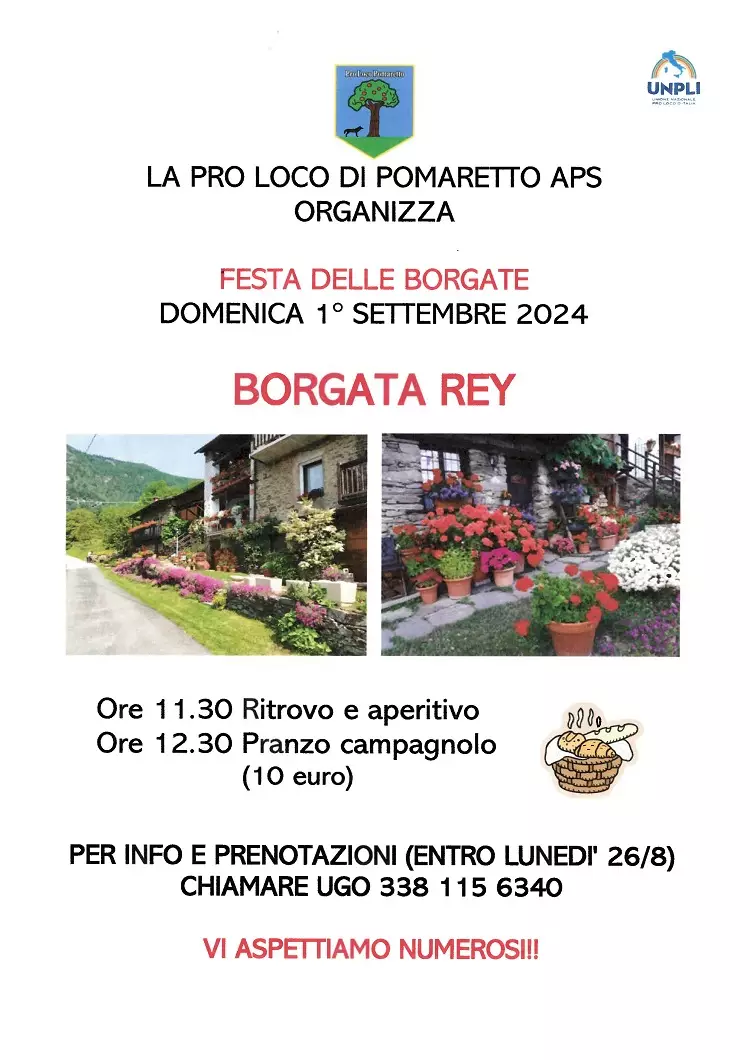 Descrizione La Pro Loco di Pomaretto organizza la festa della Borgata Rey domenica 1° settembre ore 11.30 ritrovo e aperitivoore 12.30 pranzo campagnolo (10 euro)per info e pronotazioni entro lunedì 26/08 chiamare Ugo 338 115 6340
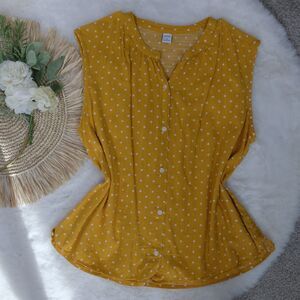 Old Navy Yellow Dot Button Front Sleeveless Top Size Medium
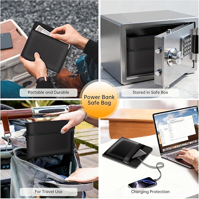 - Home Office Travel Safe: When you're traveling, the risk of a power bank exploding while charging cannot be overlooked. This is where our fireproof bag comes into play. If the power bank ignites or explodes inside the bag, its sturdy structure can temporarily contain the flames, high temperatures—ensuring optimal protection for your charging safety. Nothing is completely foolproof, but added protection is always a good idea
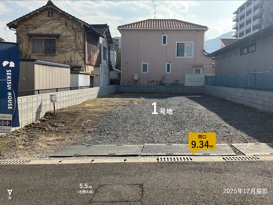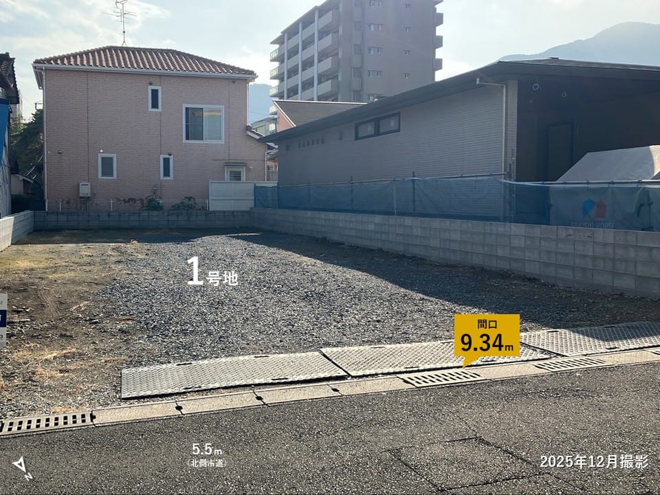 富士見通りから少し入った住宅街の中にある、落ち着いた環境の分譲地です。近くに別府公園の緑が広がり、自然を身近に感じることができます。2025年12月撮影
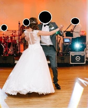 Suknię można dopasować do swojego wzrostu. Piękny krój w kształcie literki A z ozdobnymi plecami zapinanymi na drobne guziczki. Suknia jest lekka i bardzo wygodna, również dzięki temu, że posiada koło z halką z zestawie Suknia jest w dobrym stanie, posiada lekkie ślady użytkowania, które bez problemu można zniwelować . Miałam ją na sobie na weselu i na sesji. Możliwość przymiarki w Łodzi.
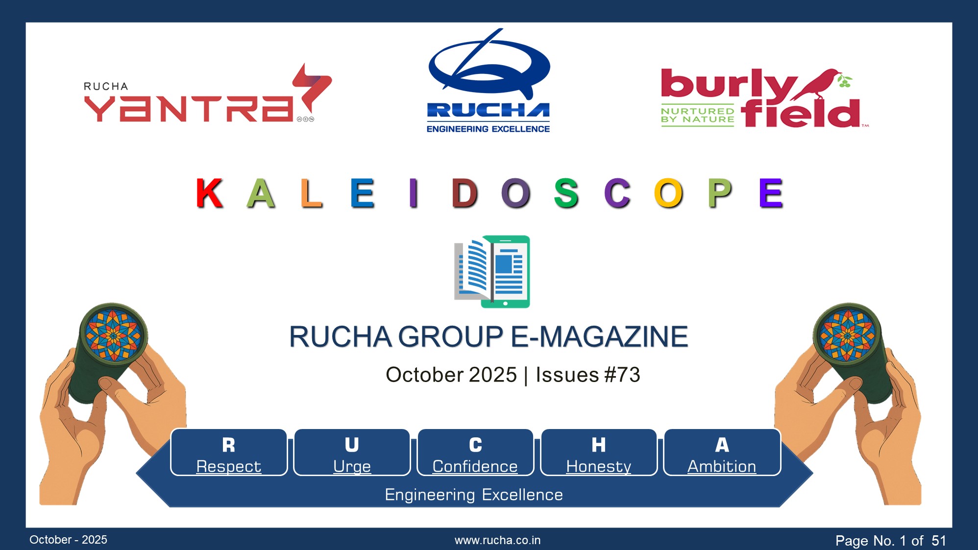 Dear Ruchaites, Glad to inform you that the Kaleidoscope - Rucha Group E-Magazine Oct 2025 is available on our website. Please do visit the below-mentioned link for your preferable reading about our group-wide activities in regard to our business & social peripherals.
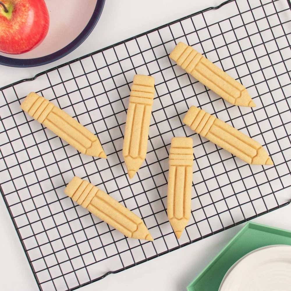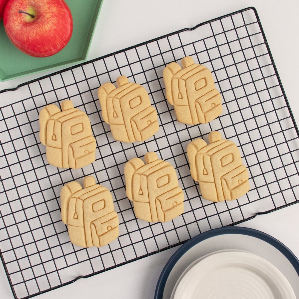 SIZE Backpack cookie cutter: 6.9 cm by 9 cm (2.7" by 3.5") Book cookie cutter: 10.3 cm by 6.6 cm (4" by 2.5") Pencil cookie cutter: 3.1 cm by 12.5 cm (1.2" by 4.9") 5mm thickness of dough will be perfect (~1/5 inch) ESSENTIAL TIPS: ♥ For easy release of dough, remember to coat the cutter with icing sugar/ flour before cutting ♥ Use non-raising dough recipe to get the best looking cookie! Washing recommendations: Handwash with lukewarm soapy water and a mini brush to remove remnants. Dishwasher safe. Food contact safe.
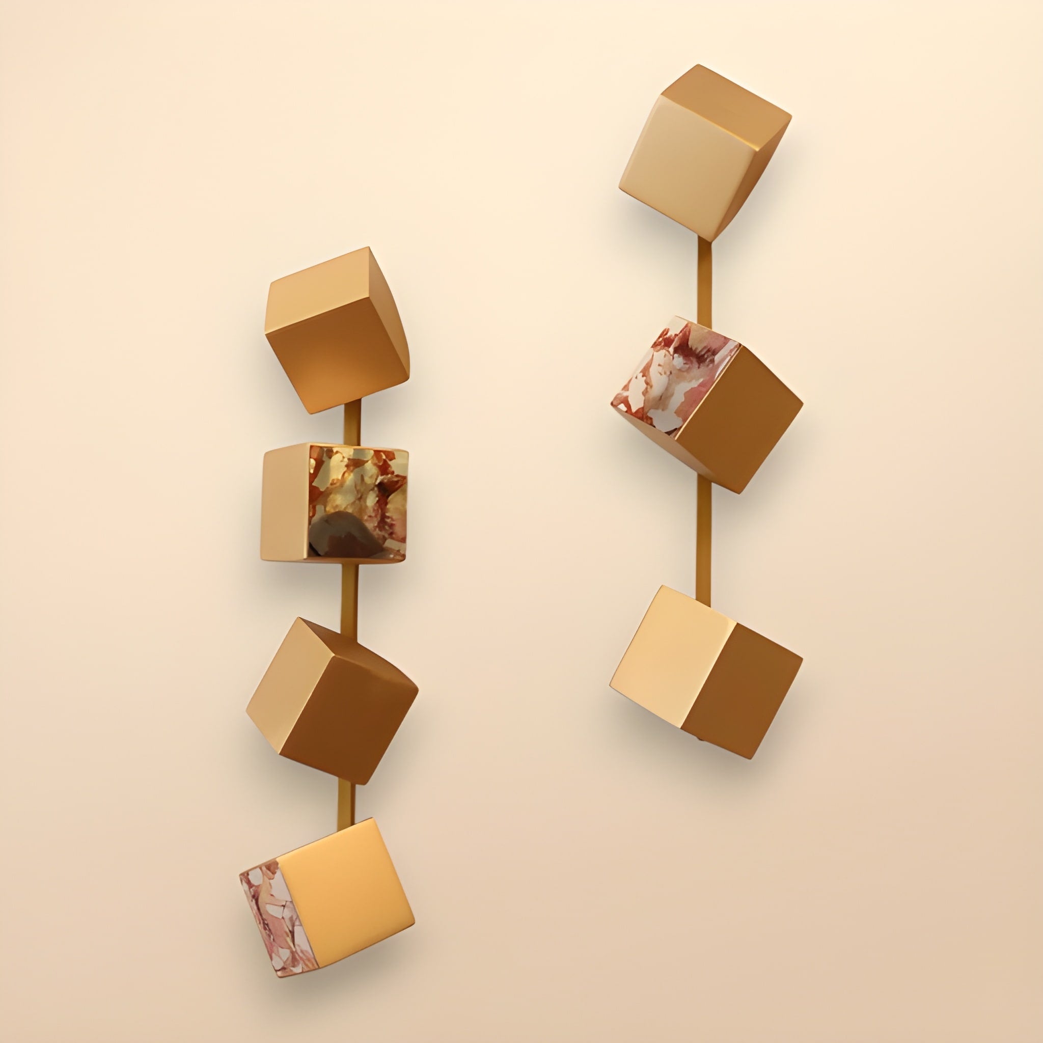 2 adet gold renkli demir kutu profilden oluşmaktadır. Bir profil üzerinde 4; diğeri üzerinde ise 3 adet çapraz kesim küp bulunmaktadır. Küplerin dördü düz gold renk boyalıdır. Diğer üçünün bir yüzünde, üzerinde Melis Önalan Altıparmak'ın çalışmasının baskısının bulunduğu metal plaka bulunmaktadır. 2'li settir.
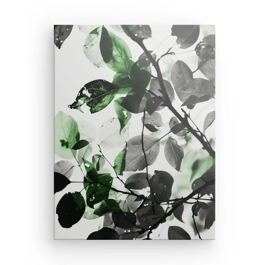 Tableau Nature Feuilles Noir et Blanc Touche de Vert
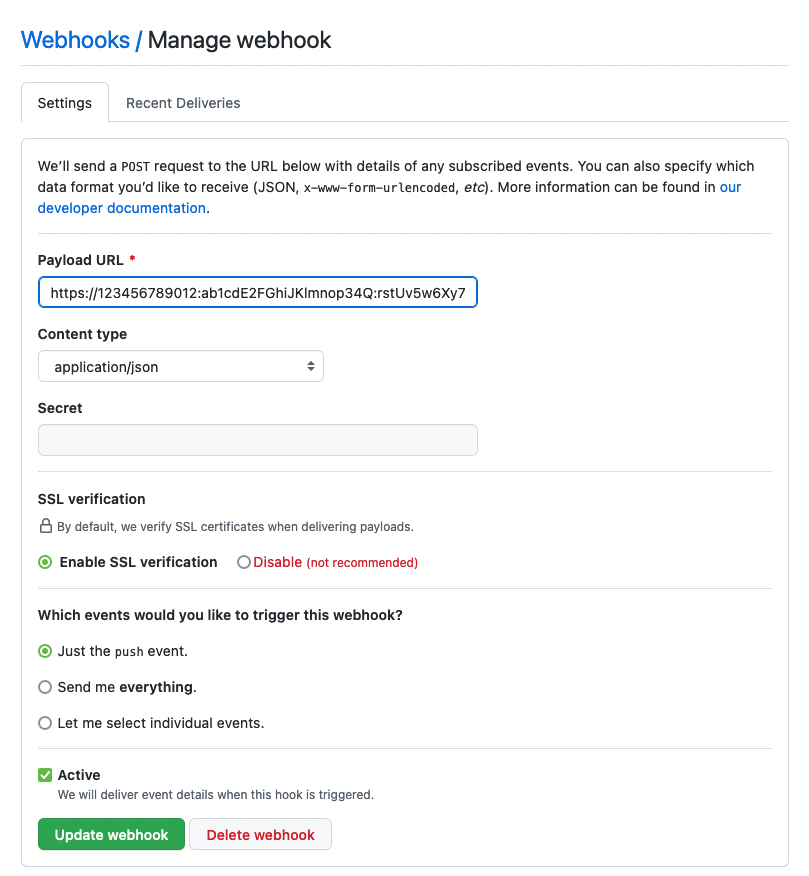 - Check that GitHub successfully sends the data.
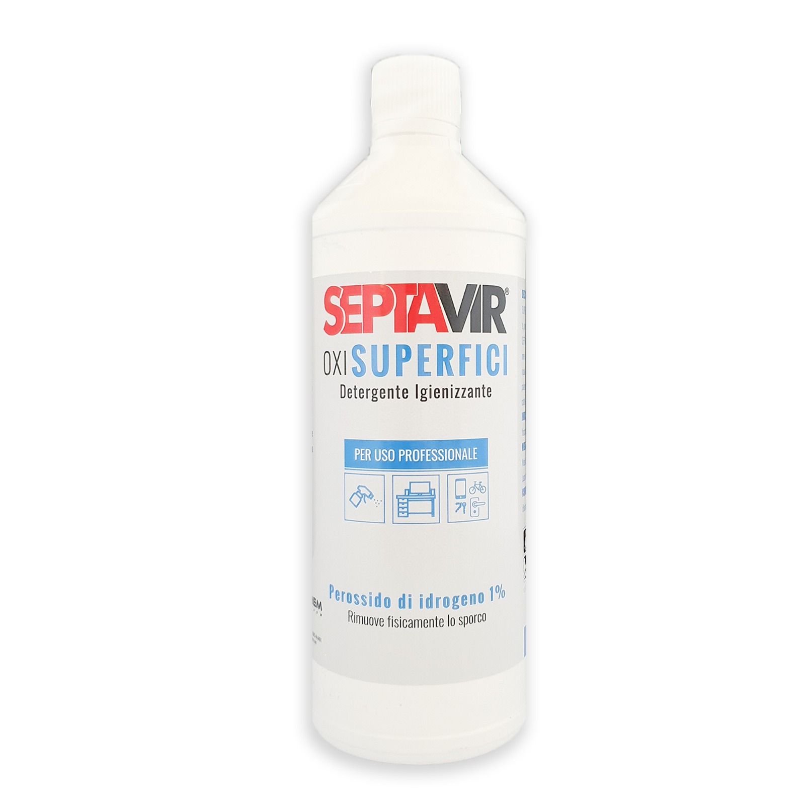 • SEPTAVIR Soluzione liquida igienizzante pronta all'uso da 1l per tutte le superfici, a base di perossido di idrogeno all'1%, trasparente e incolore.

■ ■ ■ ■

Nothing but the exact text of the records should appear in your answer, with no pictures. Please write it out.

 Descrizione La Pro Loco di Pomaretto organizza la festa della Borgata Rey domenica 1° settembre ore 11.30 ritrovo e aperitivoore 12.30 pranzo campagnolo (10 euro)per info e pronotazioni entro lunedì 26/08 chiamare Ugo 338 115 6340
 Old Navy Yellow Dot Button Front Sleeveless Top Size Medium
 - Home Office Travel Safe: When you're traveling, the risk of a power bank exploding while charging cannot be overlooked. This is where our fireproof bag comes into play. If the power bank ignites or explodes inside the bag, its sturdy structure can temporarily contain the flames, high temperatures—ensuring optimal protection for your charging safety. Nothing is completely foolproof, but added protection is always a good idea
 富士見通りから少し入った住宅街の中にある、落ち着いた環境の分譲地です。近くに別府公園の緑が広がり、自然を身近に感じることができます。2025年12月撮影
 Suknię można dopasować do swojego wzrostu. Piękny krój w kształcie literki A z ozdobnymi plecami zapinanymi na drobne guziczki. Suknia jest lekka i bardzo wygodna, również dzięki temu, że posiada koło z halką z zestawie Suknia jest w dobrym stanie, posiada lekkie ślady użytkowania, które bez problemu można zniwelować . Miałam ją na sobie na weselu i na sesji. Możliwość przymiarki w Łodzi.
 Dear Ruchaites, Glad to inform you that the Kaleidoscope - Rucha Group E-Magazine Oct 2025 is available on our website. Please do visit the below-mentioned link for your preferable reading about our group-wide activities in regard to our business & social peripherals.
 SIZE Backpack cookie cutter: 6.9 cm by 9 cm (2.7" by 3.5") Book cookie cutter: 10.3 cm by 6.6 cm (4" by 2.5") Pencil cookie cutter: 3.1 cm by 12.5 cm (1.2" by 4.9") 5mm thickness of dough will be perfect (~1/5 inch) ESSENTIAL TIPS: ♥ For easy release of dough, remember to coat the cutter with icing sugar/ flour before cutting ♥ Use non-raising dough recipe to get the best looking cookie! Washing recommendations: Handwash with lukewarm soapy water and a mini brush to remove remnants. Dishwasher safe. Food contact safe.
 2 adet gold renkli demir kutu profilden oluşmaktadır. Bir profil üzerinde 4; diğeri üzerinde ise 3 adet çapraz kesim küp bulunmaktadır. Küplerin dördü düz gold renk boyalıdır. Diğer üçünün bir yüzünde, üzerinde Melis Önalan Altıparmak'ın çalışmasının baskısının bulunduğu metal plaka bulunmaktadır. 2'li settir.
 Tableau Nature Feuilles Noir et Blanc Touche de Vert
 - Check that GitHub successfully sends the data.
 • SEPTAVIR Soluzione liquida igienizzante pronta all'uso da 1l per tutte le superfici, a base di perossido di idrogeno all'1%, trasparente e incolore.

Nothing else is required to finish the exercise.